Catholics around the globe have been waiting for this time in the ecclesiastical calendar. This particular period is a time of prayer, penance, devotion and almsgiving. Other Christian sects use this time to observe the holiness of the passion of the crucifixion and the death of Christ.
This year's Holy Week is the third during the COVID19 pandemic. And while everything is finally re-opened, our world is still uncertain as we continue to struggle for peace and unity. News of defiance by church leaders from authority have flooded timelines on both primetime newscasts and social media. Sytemic racism and other social issues continue to haunt mankind, global economic meltdown is looming, and the world we live in is slowly coming to a full halt.
This time two years past, there was a global chaos. An invisible enemy stopped the world from spinning, and made everyone rethink about life. Doors totally shut down, the fiscal market crashed and bodies after bodies dropped like hot potatoes straight out of the oven. We were overwhelmed. Panic buying seemed like a time travel back in the days where Jesus entered the temple to see the sacred place desecrated and turned into a marketplace of busy people exchanging goods and even lascivious services.
With three years into the pandemic, a looming war of the world, and a global climate crisis, what did we really learn? Are we not thrice as much divided ever than before COVID19?
If we factor in faith, how did we as humans fair or fail in the way we respond to the virus, to the Russian aggression on Ukraine, to the call for action against climate change, and to the different social issues surrounding the world?
Are we not the same shameful people who exclaimed, "Hosannah!" on the streets of Jerusalem and shouted, "Crucify!" on Calvary Hill in just a matter of days? It is become easier for us to change loyalties these days. Honor, respect and diplomacy have been harder to come by.
So, what's our takeaway from the past two Holy Weeks that we could carry on to this third one under the pandemic?
Depending which lens are we looking through, the pandemic period could be interpreted in many ways.
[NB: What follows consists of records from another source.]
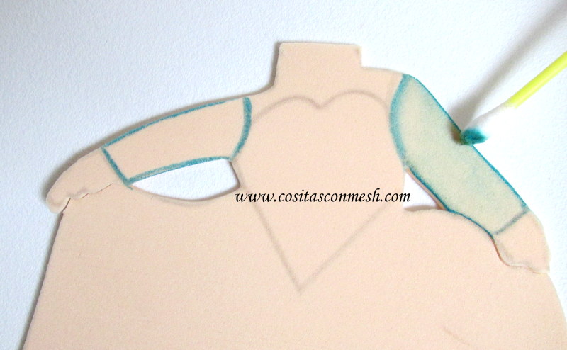 3.-Esta es la parte que más me gusta, pintamos de azul el vestido, usa un pincel de pelo suave, y pinta en una sola dirección, el foami absorbe rápido la pintura, te aconsejo cargar con mucha pintura, luego arrastrar el pincel hacia la parte inferior del vestido, algunas zonas del vestido puedes dejarlo más clarito.
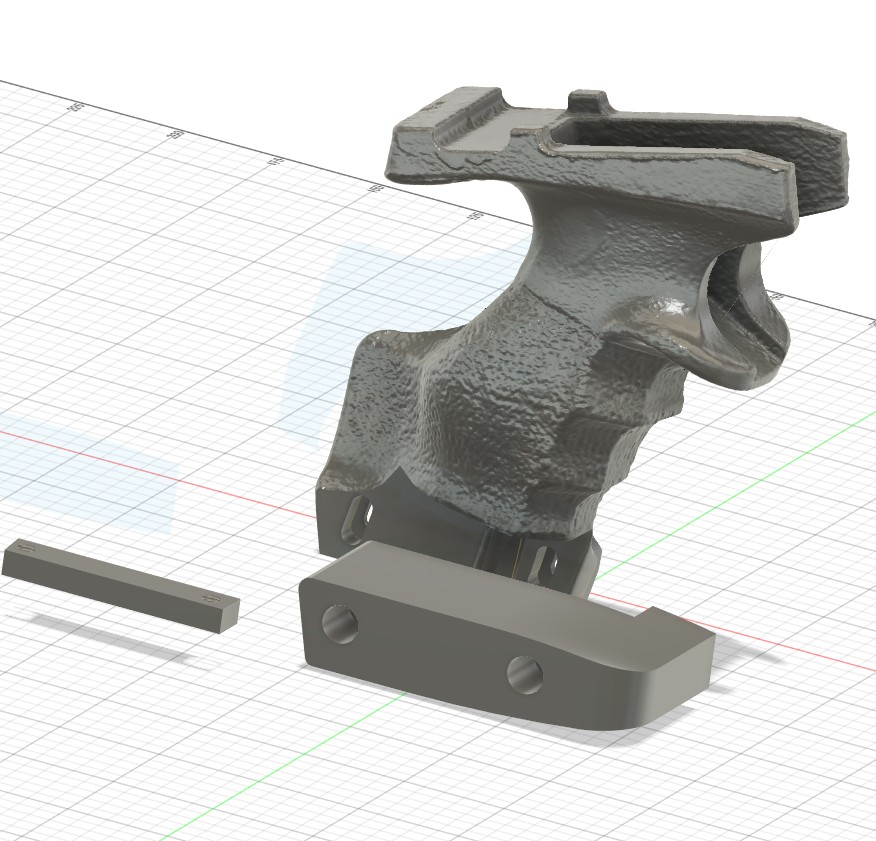 Jeg hadde ikke et slikt skjefte tilgjengelig så jeg lånte et skjefte av en kjenning og jeg scannet inn detaljene. Etter en del bearbeiding i et program som heter Fusion 360 fikk jeg tegnet om spesielt innfestingen til underhånds-støtten (noe som viste seg å ikke være helt enkelt) det denne nå festes med 2 M5x30 skruer.
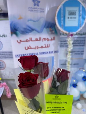 وفي الختام تم توزيع 150 ورده على 150 ممرض وممرضه في مستشفى الافلاج العام بحضور مدير مستشفى الافلاج العام أ. سلطان الدوسري.
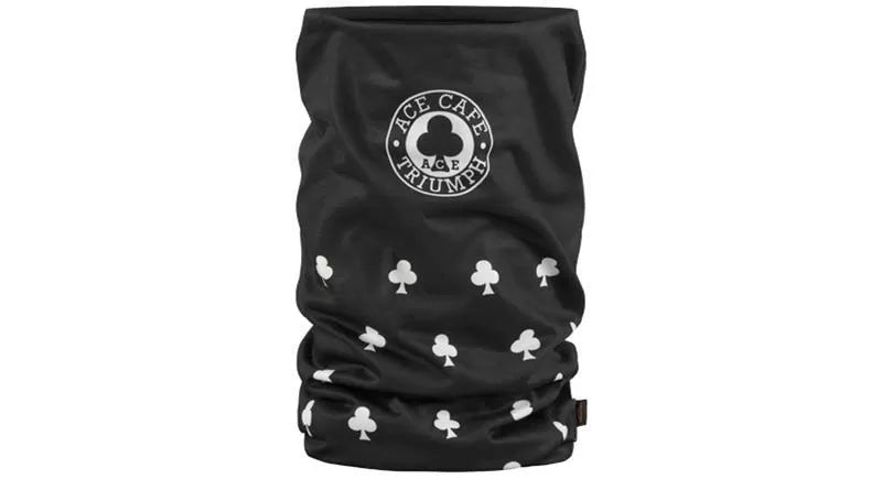 The Ace Cafe Triumph neck tube is constructed from two layers of soft stretch fabric and features digitally printed graphics at the outer.

We can look through the lens of Jesus and see the past three years as our own way Via Crucis. The way he obeyed and let what was written in the scripture happen - death by crucifixion. The death that served as a flicker of hope to every sinner for salvation. It is a bittersweet event where a sinless man took the will of His Father to take death for sinners. This time two years ago, COVID19 vaccines is in its early stage of research and clinical trials. Today, it has been rolled out to many; and despite some setbacks, everyone can only hope that our deliverance from the dreadful disease is arm length away.
We can also look at this pandemic through the eyes of Judas and Peter, the Apostles who resorted to betrayal. Around the globe, COVID19 vaccine and other medical mandates have been making the news rounds, polarizing mankind either siding with the health measures or against them. There is both acceptance and resistance, where some obedient groups exercise health and safety protocols and waywards defy the law. Even if all the health mandates are lifted, the aftermath of the pandemic still remains polarizing.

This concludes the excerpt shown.